Mais l’élection de ce dernier n’efface pas les problèmes, bien au contraire. L’inflation a contraint les Américains à recourir encore plus au crédit. La dette des ménages s’élève aujourd’hui à 17 900 milliards de dollars. La dette étudiante totale s’élève à plus de 1 000 milliards de dollars, à comparer avec les 3 000 milliards de dollars de profits des entreprises américaines au seul troisième trimestre 2024. Le taux de chômage officiel oscille autour de 4 %. Mais le taux de chômage réel est à 9,3 %. L’ère Biden a créé des emplois, oui. Mais à bas salaire, à temps partiel, le genre de job qu’il faut cumuler avec un ou deux autres du même genre pour tout juste vivre. Et on pourrait longtemps continuer la liste des faits sociaux par lesquels la classe ouvrière paye jusque dans sa chair la domination des capitalistes. L’assassinat du patron d’UnitedHealthCare a mis en lumière les pratiques du secteur de l’assurance-maladie : six adultes assurés sur dix rencontrent des problèmes lorsqu’ils doivent se faire rembourser leurs soins.

Trump a déclaré qu’il fonctionnerait comme un dictateur dès le premier jour. Force est de constater qu’il ne ménage pas sa peine pour en donner l’impression. Il cible les migrants, les personnes trans, les communautés pauvres et reléguées, et en fin de compte l’ensemble des classes populaires des États-Unis.

Notre principale préoccupation dans les temps à venir sera non seulement de participer mais aussi de chercher à impulser les ripostes indispensables à ces attaques.

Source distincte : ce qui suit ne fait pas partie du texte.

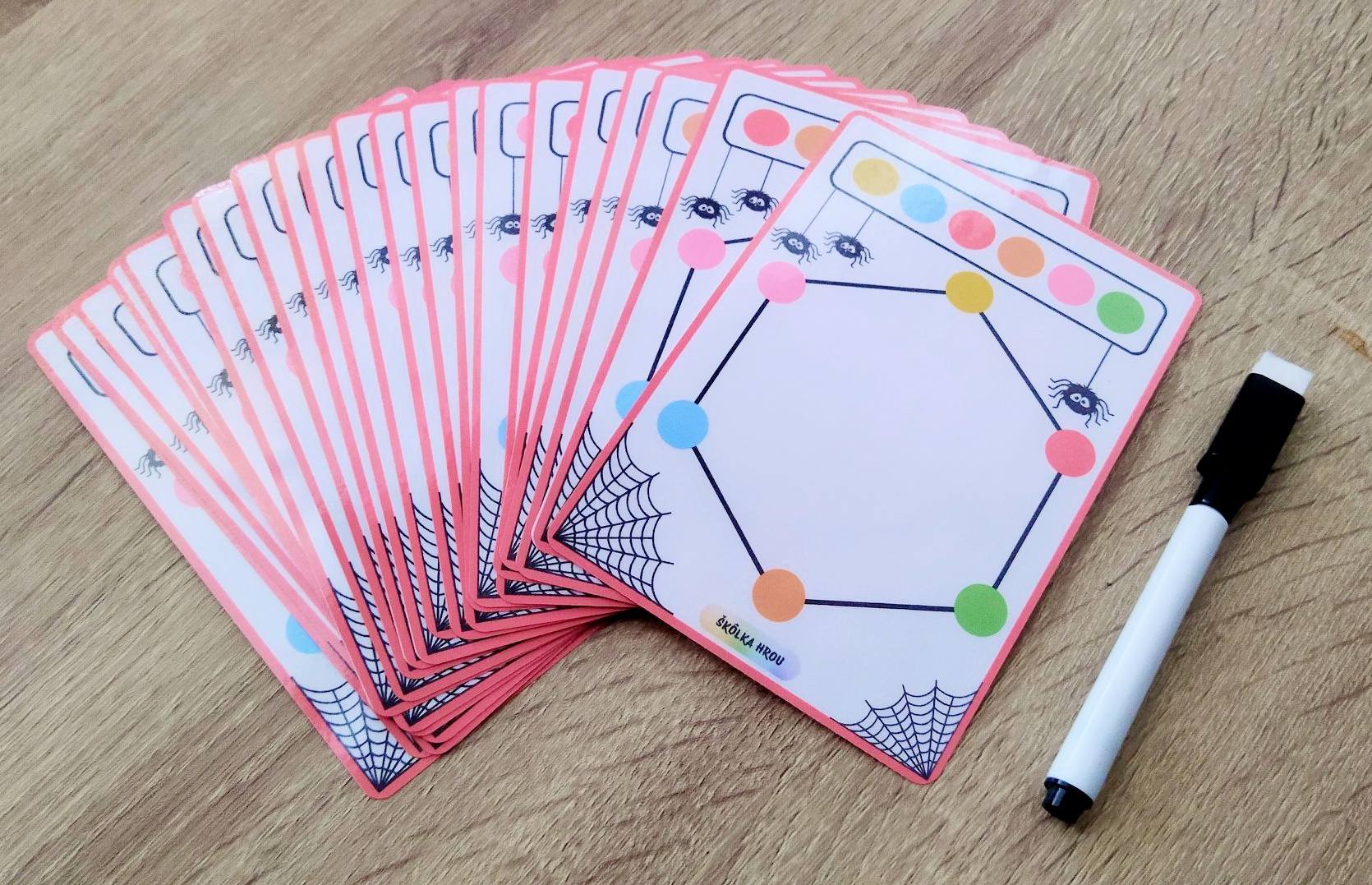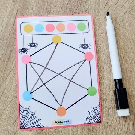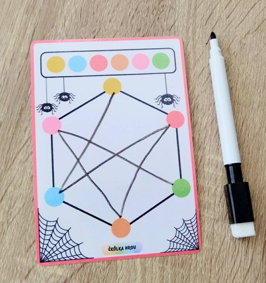 Úlohou dieťaťa je vytvoriť pavučinku podľa určenej farebnej postupnosti.
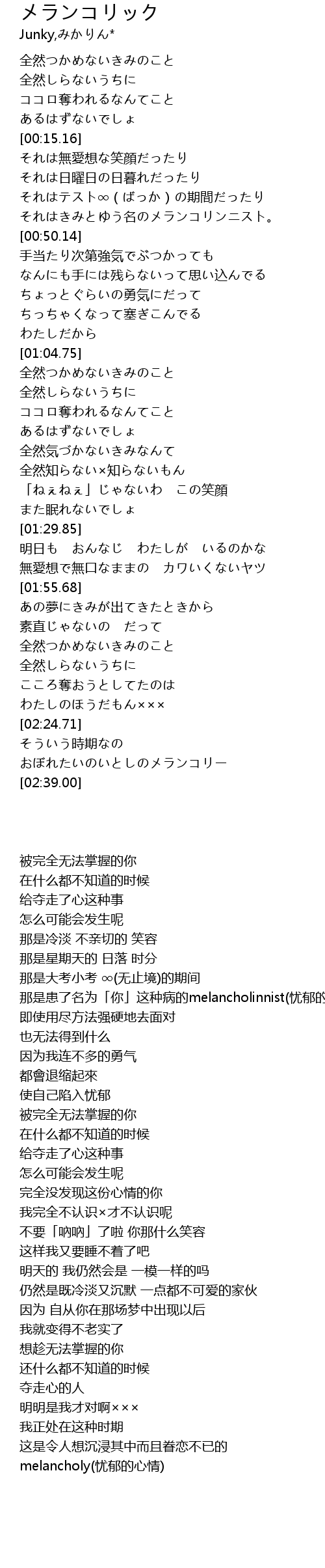 | [00:43.82] | それはきみとゆう名のメランコリンニスト。 |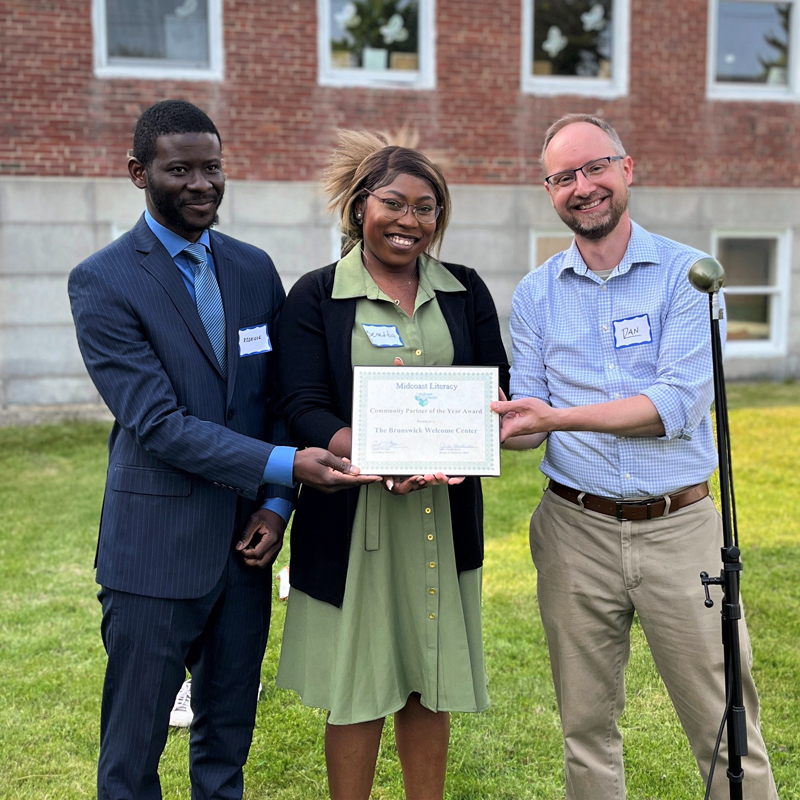 Rodrigue Mwenge and Benedita Kakhuba, of the Brunswick Welcome Center, accept the Community Partner Award from Midcoast Literacy’s Executive Director Daniel Burson. (Photo courtesy Bree Candland)

En 2024, il y a eu 31 grèves impliquant plus de 1 000 travailleurs, selon le Bureau des statistiques du travail. Sur ces 31 grèves, 17 ont duré une semaine ou moins. Les grèves les plus intenses dans le secteur privé ont été celles d’AT&T (18 000 travailleurs) et de Boeing (33 000), toutes deux caractérisées par le rejet d’accords de principe négociés par les dirigeants syndicaux. Le secteur des soins de santé est celui qui a connu le plus grand nombre de grèves, dont certaines dans le secteur public. C’est du côté de ces luttes qu’est l’avenir. C’est par là que nous pouvons faire reculer les capitalistes et les gouvernements qui les servent, chez vous comme chez nous.